- Born: September 25, 1944 Tokyo, Japan
- Died: August 11, 2021 (aged 76) Japan
- Nationality: Japanese
- Style: Karate Shotokan
- Teacher: Tomasaburo Okano
- Rank: 8th Dan Black Belt
- Years active: 1959 - 1971 (competition)

Other information
- Notable students: Kai Leung, George Aschkar, Shihan Gustavo Larrea, Jorge Decena, Nixon Feliz, Vincent Riqueros, Ian Rugel, Victor Garrido, Beatriz Elster, Gabriel Trance

= Toyotaro Miyazaki =

Japanese martial artist (1944–2021)

Toyotaro Miyazaki (September 25, 1944 – August 11, 2021) was a Japanese karate master, competitor, and instructor of Kenkojuku‑style Shotokan Karate. After moving to the United States in 1966, he became one of the most successful and influential karate competitors of the late 1960s and early 1970s, appearing on the covers of Black Belt, Karate Illustrated, and Official Karate. Miyazaki later became a prominent instructor in New York, where he taught for more than four decades and produced hundreds of black belts.

== Early life and education ==
Toyotaro Miyazaki was born on September 25, 1944, in Tokyo, Japan. He studied economics in college before emigrating to the United States in 1966.

Miyazaki began training in karate at age 15 at the Kenkojuku Dojo under Tomasaburo Okano, a direct student of Gichin Funakoshi, the founder of Shotokan Karate.

He trained intensively in the Kenkojuku branch of Shotokan until his mid‑twenties, earning high rank before leaving Japan.

== Karate Career in the United States ==

=== Competition Success ===
After arriving in the United States, Miyazaki quickly became known for his skill in both kata (forms) and kumite (sparring). He competed against many of the top American fighters of the era, including:

- Dwight Frazier
- Grant Campbell
- Kevin Thompson

Miyazaki maintained a Top 10 national ranking for nearly two decades, making him one of the most consistently successful competitors of his generation.

His prominence led to multiple magazine covers, including:

- Black Belt Magazine
- Karate Illustrated
- Official Karate Magazine

He retired from active competition in 1971.

=== Recognition by Peers ===
Chuck Norris described Miyazaki as "one of the toughest opponents he ever faced", a testament to Miyazaki’s technical precision and fighting spirit.

=== Teaching Career ===

==== Tokutai Karate‑Do and New York Dojos ====
Miyazaki served as the head instructor of Tokutai Karate‑Do, continuing the Kenkojuku Shotokan lineage in the United States.

He later established a dojo in Flushing, Queens, which operated for more than 40 years.

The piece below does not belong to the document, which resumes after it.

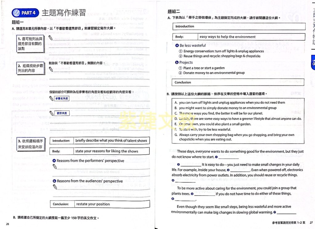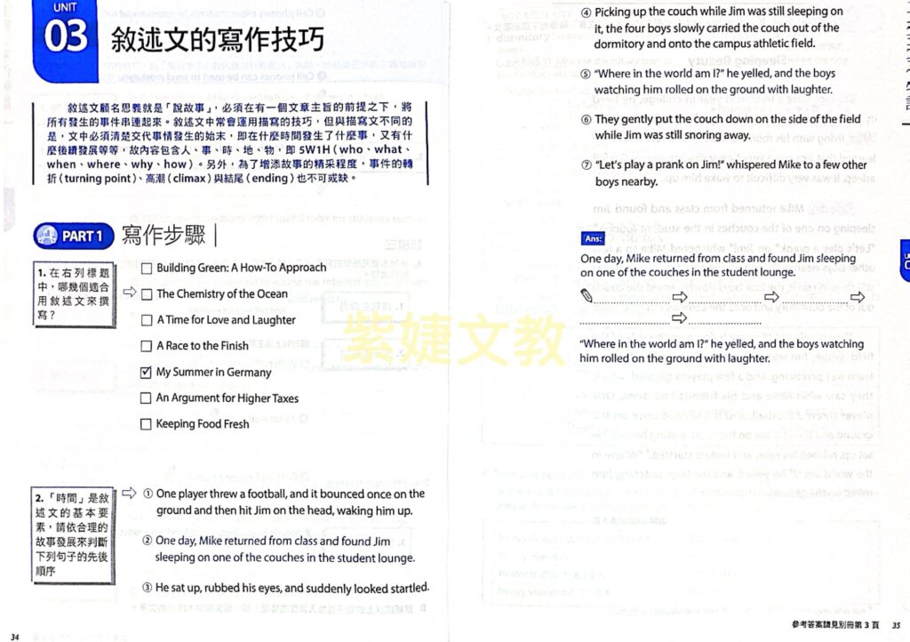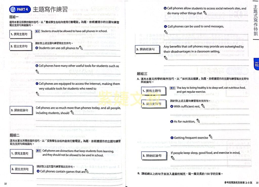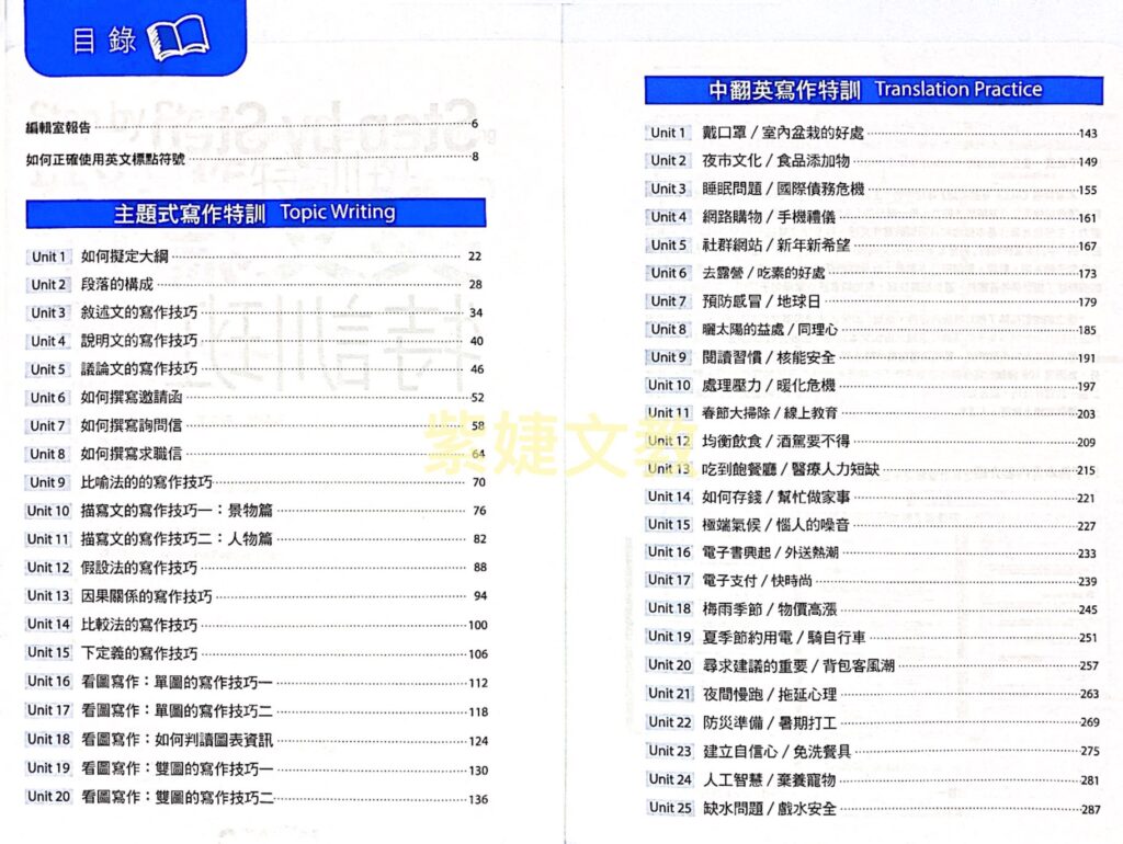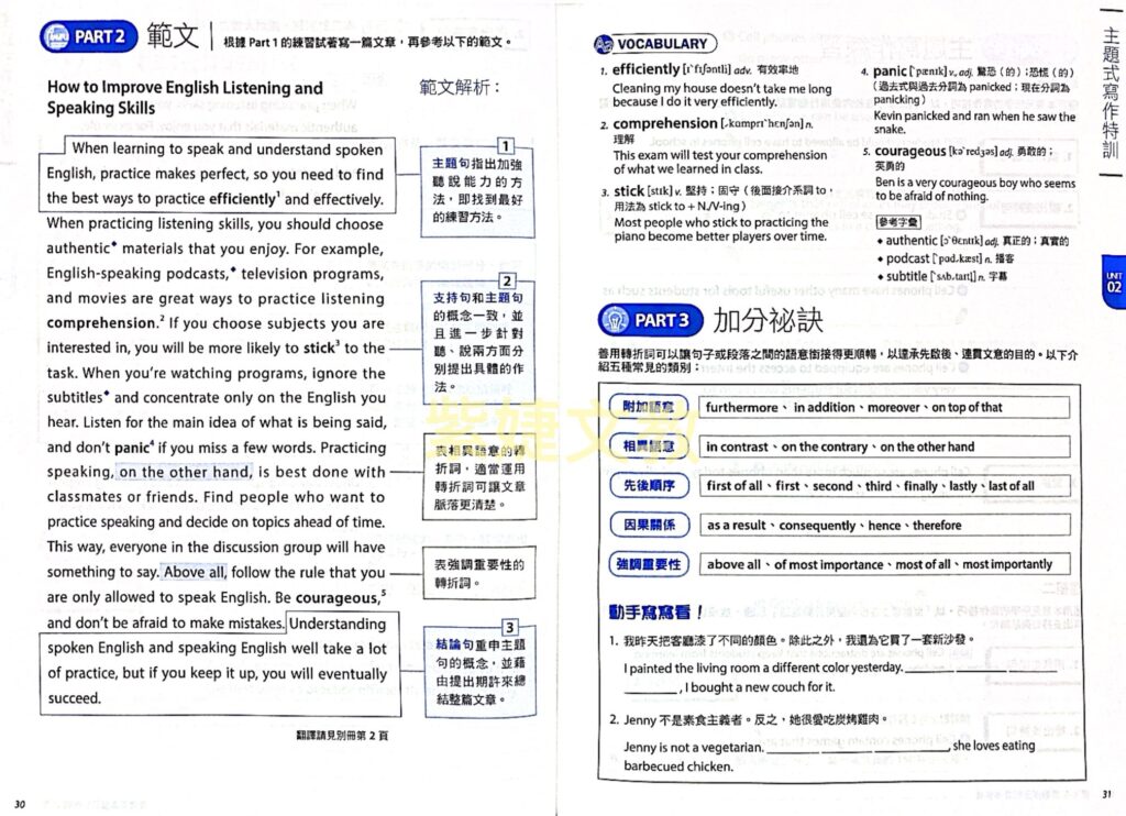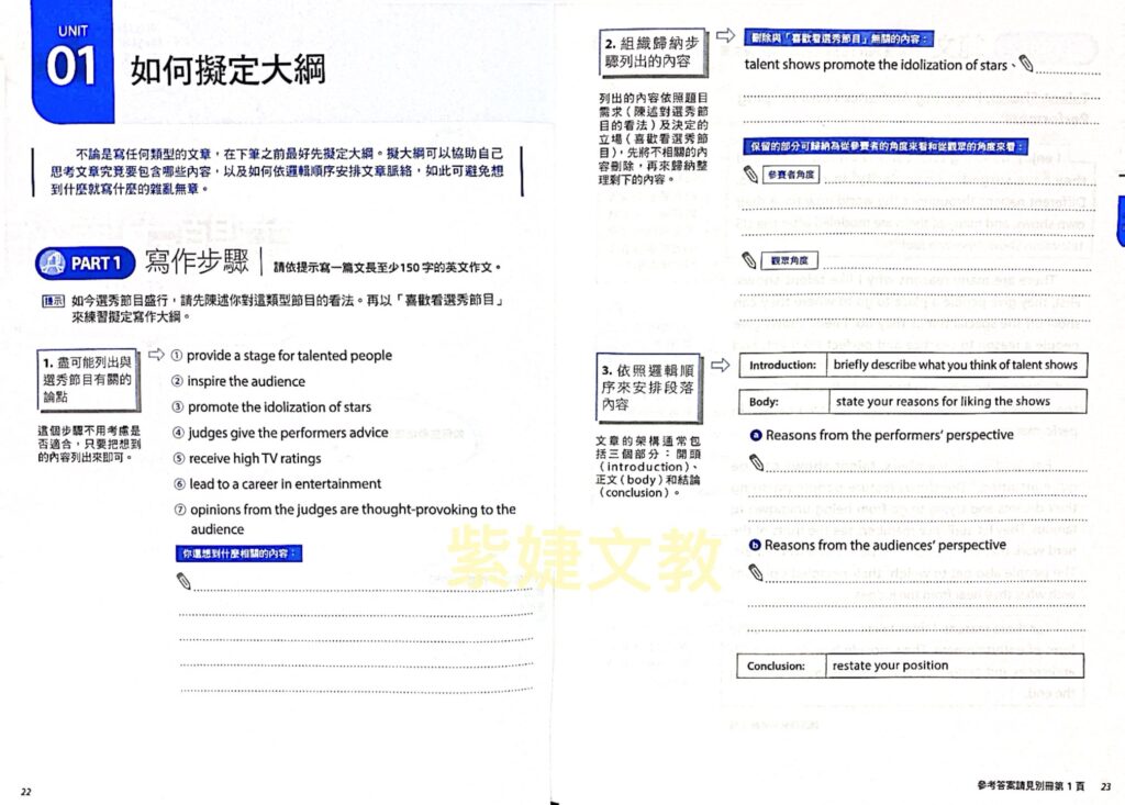 n 透過單元主題引導式練習,逐步強化寫作實力。

Over the course of his teaching career, he trained thousands of students and produced hundreds of black belts, many of whom went on to open their own schools.

==== University Instruction ====
Miyazaki also taught at Long Island University, where he served as an instructor in the university’s Karate Instructor Certification Program.

==== Notable Students ====
Miyazaki’s students include several prominent martial artists, instructors, and authors:

- Kai Leung, founder of Shotojuku Karate‑Do
- George Aschkar, competitor and instructor
- Gustavo Larrea, Shihan
- Jorge Decena
- Nixon Feliz
- Vincent Riqueros
- Ian Rugel, 9th dan (Ecuador)
- Victor Garrido, 7th dan, International Shotokai Federation
- Beatriz Elster, 5th dan and author
- Gabriel Trance, 5th dan, later founder of a dojo in Tumwater, Washington

== Death ==
Toyotaro Miyazaki died on "August 11, 2021", while residing in Japan.

== Legacy ==
Miyazaki is remembered as:

- One of the most successful Japanese competitors to establish a career in the United States
- A major figure in the spread of Kenkojuku Shotokan Karate
- A teacher whose influence extends internationally through his students
- A competitor respected by peers such as Chuck Norris and Kevin Thompson

His blend of traditional Japanese training and American competitive experience helped shape the development of karate in the United States during the 1960s–1990s.

"References"
1. *Black Belt Magazine*, June 1979.
2. Bustillo, Antonio. *Steady Training*. iUniverse, 2001.
3. “History of Karate of Lineage.” USKDA.com.
4. *Black Belt Magazine*, December 1969.
5. “Master Kevin Thompson Interview.” *MartialForce.com*, 2013.
6. Bustillo, Antonio. *Steady Training*. iUniverse, 2001.
7. “Shihan Kai Leung.” Shotojuku.com.
8. “Interview with George Aschkar.” *MartialForce.com*.
9. “Victor Garrido Sensei.” victorgarridosensei.com.
10. Martinez, Beatriz. *Powerful Senior Karate*. CreateSpace, 2015.
11. Martinez, Beatriz Elster. *El Arte de Enseñar Karate‑Do*. CreateSpace, 2017.